With stops at Pope John Paul II's birthplace and his Krakow Archdiocese where millions always turned out to greet Poland's favorite son, Benedict's four-day pilgrimage is a journey down memory lane.

Asking for prayers for his trip during his public audience Wednesday, Benedict turned to Polish pilgrims and proclaimed the motto of the trip, "Remain strong in the faith."

"For a people who feel orphaned by the death of John Paul, he will be welcomed warmly," said the Rev. Adam Boniecki, a Pole who worked for years with the late pontiff at the Vatican. "He is seen as a friend, collaborator and supporter of John Paul."

But there is another side for Benedict, pursuing some of John Paul's aims that were left incomplete upon his death last year. They include making predominantly Roman Catholic Poland an example for secular Europe, further pursuing Polish-German reconciliation from the wounds of World War II, and strengthening sometimes bumpy Catholic-Jewish relations.

In a particularly poignant moment, the visit will be capped by Benedict's stop Sunday at the Auschwitz-Birkanau death camp near Krakow, where Hitler's Nazi regime killed up to 1.5 million people, mostly Jews.

Organizers dropped initial plans for Benedict to ride through the Auschwitz gate under the infamous words "Arbeit Macht Frei" _ "Work Sets You Free" _ when it was recalled that Nazi soldiers drove through the gate while inmates walked. He will now arrive on foot.

John Paul stopped at Auschwitz during his first trip to Poland as pope in 1979, but a visit by the German pope carries further significance in efforts for closer Catholic-Jewish ties.

"I expect, like his predecessor, he will remind Christians of the unique debt that Christianity owes to its Jewish parent," George Weigel, an American biographer of John Paul, told The Associated Press.

In August, Benedict visited a synagogue in Cologne, Germany, that was destroyed by the Nazis. But his trip to a symbol of genocide is even more significant for a German who acknowledged serving in Hitler Youth as a teen and later deserted from the German army near the end of World War II.

Shortly after assuming the papacy last year, Benedict said he saw a "providential design" in the fact that a Polish pope was succeeded by a German one.

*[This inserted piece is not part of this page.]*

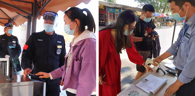 敦煌鸣沙山月牙泉景区和嘉峪关文物景区进行游客测温登记

"Both popes in their youth _ both on different sides and in different situations _ were forced to experience the barbarity of the Second World War," Benedict said.

Polish and Vatican officials say Benedict plans to speak a few words in Polish or use Italian, but not make addresses in German, presumably to avoid offending elderly Poles who lived through the Nazi occupation.

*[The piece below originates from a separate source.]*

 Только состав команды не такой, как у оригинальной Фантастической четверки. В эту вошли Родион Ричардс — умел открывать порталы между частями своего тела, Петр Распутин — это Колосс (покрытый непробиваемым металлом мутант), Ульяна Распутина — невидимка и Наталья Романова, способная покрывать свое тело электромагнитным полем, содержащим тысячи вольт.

Polish officials are so pleased with the visit they insist on calling it his "first foreign trip" since his pilgrimage to Cologne for the church's World Youth Day had long been planned by John Paul.

"Poland is his choice, the first trip he scheduled," the Polish ambassador to the Holy See, Hanna Suchocka, told a symposium on Polish-German reconciliation in Rome last week.

John Paul, who is credited with helping to bring down communism in Poland and across eastern Europe, had expressed disappointment the fledgling democracies were picking up the secular, consumeristic cultures of the West.

Weigel said the late pope was convinced Europe needed to rediscover its Christian roots.

"That was John Paul's conviction; that is Benedict's conviction, too. This I expect _ I hope _ that Pope Benedict will challenge Poland to be a leader in Europe's rediscovery of its unique civilizing accomplishment," Weigel wrote in a Polish newspaper last week.